NEZAHUALCOYOTL, Mexico (Reuters) - Mexicans lined up to vote for a new president on Sunday, with many hoping for a shake-up of the status quo by choosing an anti-establishment leftist whose pledge to clean up politics has resonated widely after years of violence and corruption.
Opinion polls before the election showed a double-digit lead for Andres Manuel Lopez Obrador, a former Mexico City mayor expected to inject a dose of nationalism into government and sharpen divisions with U.S. President Donald Trump if he wins.
Lopez Obrador, 64, would be the first leftist president in decades in Mexico, Latin America’s No. 2 economy, if he ousts the ruling centrist Institutional Revolutionary Party (PRI). His administration would also offer a political realignment after years of rule by centrist technocrats.
Runner-up in the 2006 and 2012 elections, he pitched himself as the only man capable of restoring faith in democracy after disenchantment grew after years of patchy economic growth and soaring levels of drug-related violence.
Long lines formed outside schools and community centres, where voters complained that previous governments have failed, particularly the administration of outgoing President Enrique Pena Nieto of PRI, who has struggled to contain crime and corruption.
Even if they were not sure about Lopez Obrador, many said he was better than his rivals, and offered a fresh start.
“In truth, I don’t think any of them are worth much, but it’s better (to pick Lopez Obrador), who is a useful vote against the PRI,” said 22-year-old student Eugenia Gonzalez, as she waited to vote in the Mexico City suburb of Nezahualcoyotl.
“I think this has been the worst administration in many years, and far from improving things, the security situation, corruption, they’re worse than ever,” she added.
Mexico suffered its most violent year in recent history in 2017, and murders are still rising. A fragmented criminal landscape has prompted drug cartels to expand into fuel theft and extortion.
Since the campaign began heating up last year, at least 145 politicians and activists have been murdered. Most of them have been blamed on gangs trying to influence elections.

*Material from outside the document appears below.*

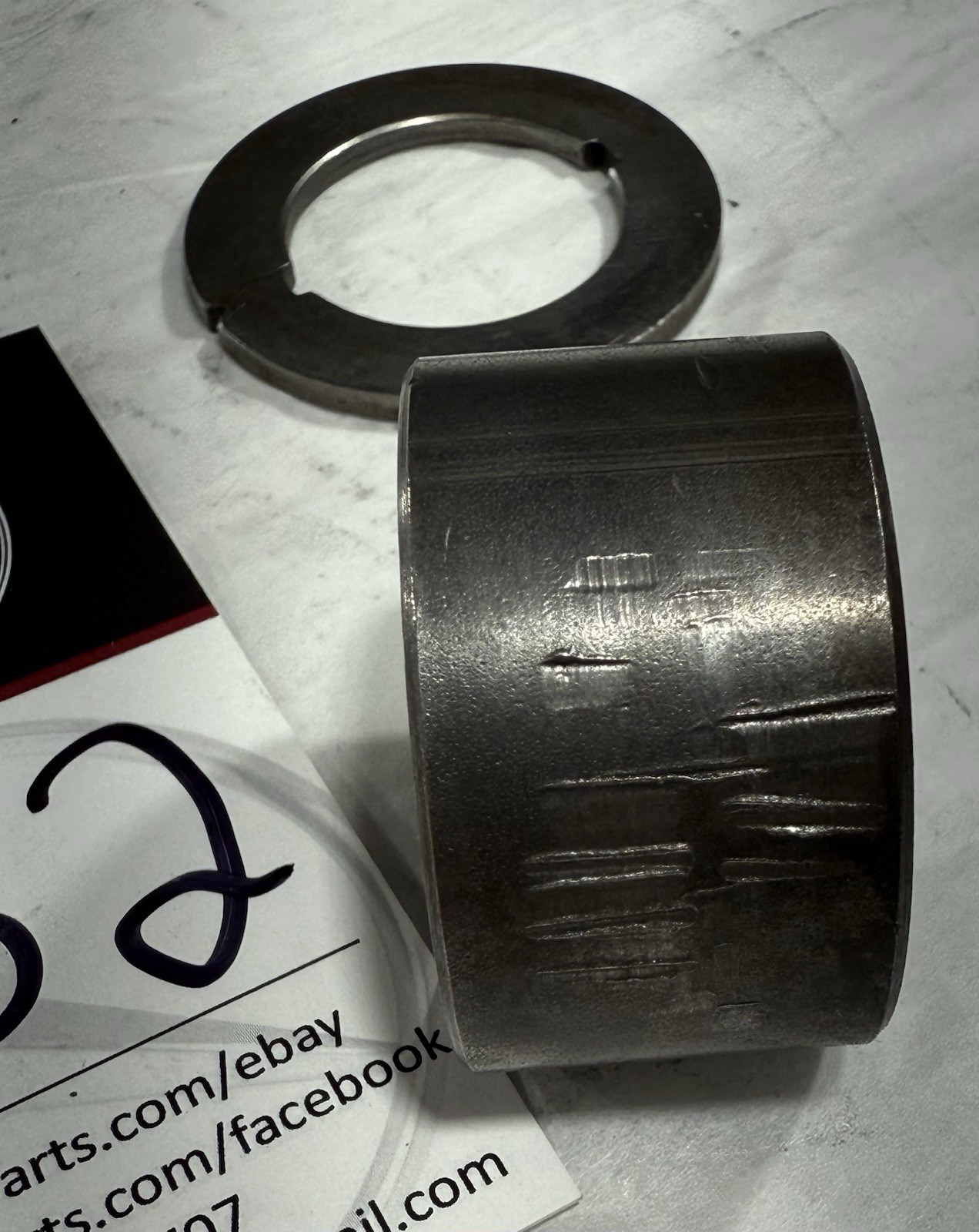 1986-1989 Mercedes-Benz R107 560SL Camshaft Bearing Sleave + Washer (982) Came off the bearing 1160513610 (NOT INCUDED) These parts come from cars that are over 50 years old. If you're looking for something brand new, please consider other options; these are slightly used unless stated otherwise. Due to their age, these parts may have imperfections and flaws, so please review the photos carefully to understand what you're getting. These parts fits most models from 1972-1989 Mercedes Benz R107 C107 { SL & SLC Models 450, 380, 560 } **Condition:** Sold as-is. What you see in the photos is what you’ll receive.

Just before casting his vote, Lopez Obrador, or AMLO as he is known, called for a national reconciliation after the election to end the bloodshed.
“With all my heart, I want today’s election to take place without violence,” Lopez Obrador said, smiling and flashing a victory sign at the polling station south of Mexico City where he arrived 40 minutes before it opened.
Seeking support from economic nationalists, leftist liberals and social conservatives, Lopez Obrador has been vague on policy details. But he vows to reduce inequality, improve pay and welfare spending as well as run a tight budget.
The law bars Pena Nieto from seeking re-election. His popularity crumbled as his name became tainted by investigations into alleged conflicts-of-interest and embezzlement scandals engulfing top PRI officials.
Lopez Obrador has spent 13 years campaigning around Mexico but has been a divisive figure since bringing much of the capital to a standstill for weeks with demonstrations to protest his 2006 election loss. His criticism of the government’s economic agenda has been tempered by business-friendly aides.
He has played with the idea of referendums to resolve divisive issues like whether to continue with Pena Nieto’s opening of the oil and gas industry to private capital.
Rivals Ricardo Anaya, an ex-leader of the conservative National Action Party (PAN) heading a right-left alliance, and PRI candidate Jose Antonio Meade, a former finance minister, both broadly support the energy reform. They represent the only two parties that have ruled modern Mexico.
Their efforts to catch Lopez Obrador have been hampered by attacks on each other, and some opinion polls put his lead in excess of 20 percentage points.
The next president will inherit a simmering dispute with Trump over migration and trade, with talks to rework the North American Free Trade Agreement (NAFTA) unresolved, pressuring Mexico's peso currency. MXN=
Trump has threatened to pitch North America into a costly trade war over NAFTA, and his insistence that Mexico pay for his desired border wall has deeply angered many Mexicans.
Lopez Obrador has moved carefully and wants to broker a deal with Trump under which Mexico would work to rein in illegal immigration in return for economic support.
If that proves impossible and Trump keeps provoking Mexico, few think the fiercely patriotic Lopez Obrador will stay silent.
How much heft he can bring to bear domestically and internationally will depend on his control of Congress, where no party has held an outright majority since 1997.
Polls suggest his National Regeneration Movement (MORENA), a party that has only existed formally since 2014, could be close to a majority. Markets may react negatively if voters give him too free a hand in Congress.